India last May cancelled a confidence-building visit to China by 107
elite civil servants after China denied a visa to an official from
Arunachal Pradesh on the grounds that he was “Chinese” and therefore did
not need one.

On the eve of Mr Singh’s visit to China on January 13-15, Pranab
Mukherjee, India’s foreign minister, admitted that Chinese armed forces
had been making incursions across the de facto border.

“We immediately take it up. Mechanisms have been established through
which we address this type of problem,” Mr Mukherjee told CNN-IBN, a
news channel. “There is nothing to be worried at this point of time.”

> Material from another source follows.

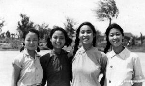 1950年,音工团团员孟于(左1)等人参加学校组织的暑期演出团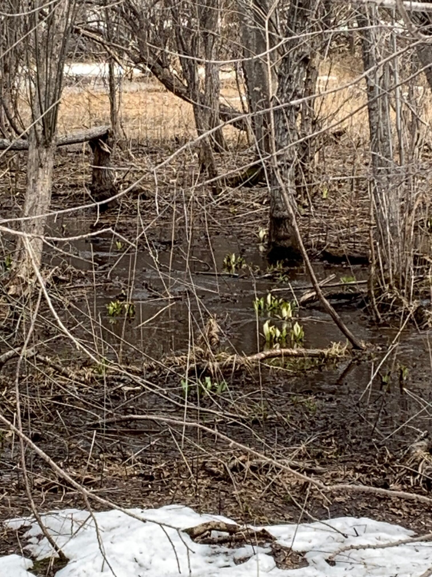 湿原ではミズバショウの白い仏炎苞が水面から顔を出していましたよ。

Mr Mukherjee acknowledged that infrastructure across the border in Tibet
was “much superior to that on our side. It’s a known fact. That’s why we
have decided that we should also build up the roads and other types of
infrastructural facilities.”

Prime ministerial visits to Arunachal Pradesh have been so infrequent in
part because New Delhi has been keen not to antagonise the Chinese
leadership during long-running talks to resolve their outstanding border
dispute, some analysts believe.

B.G. Verghese, an expert on the north-east, said the rarity of prime
ministerial visits to Arunachal Pradesh reflected less sensitivities
relating to the border dispute than the difficulty of reaching a
Himalayan state that lacks useable airstrips.

Mr Singh on Thursday promised the state’s estimated 1m inhabitants a
number of airports, a trans-state two-lane “highway” and a central
government-subsidised helicopter service to Guwahati.

Internet down

Internet connections from India to Cairo were severely disrupted on
Thursday after undersea cables were damaged in the Mediterranean on
Tuesday, with some estimating it could take up to 10 days to restore
services to normal, Joe Leahy reports from Mumbai.

India’s main outsourcing companies, which rely on internet connections
to service their overseas customers, said they had not been badly hit,
but individual consumers in the subcontinent reported severe
disruptions. It was not immediately clear how the cables were damaged.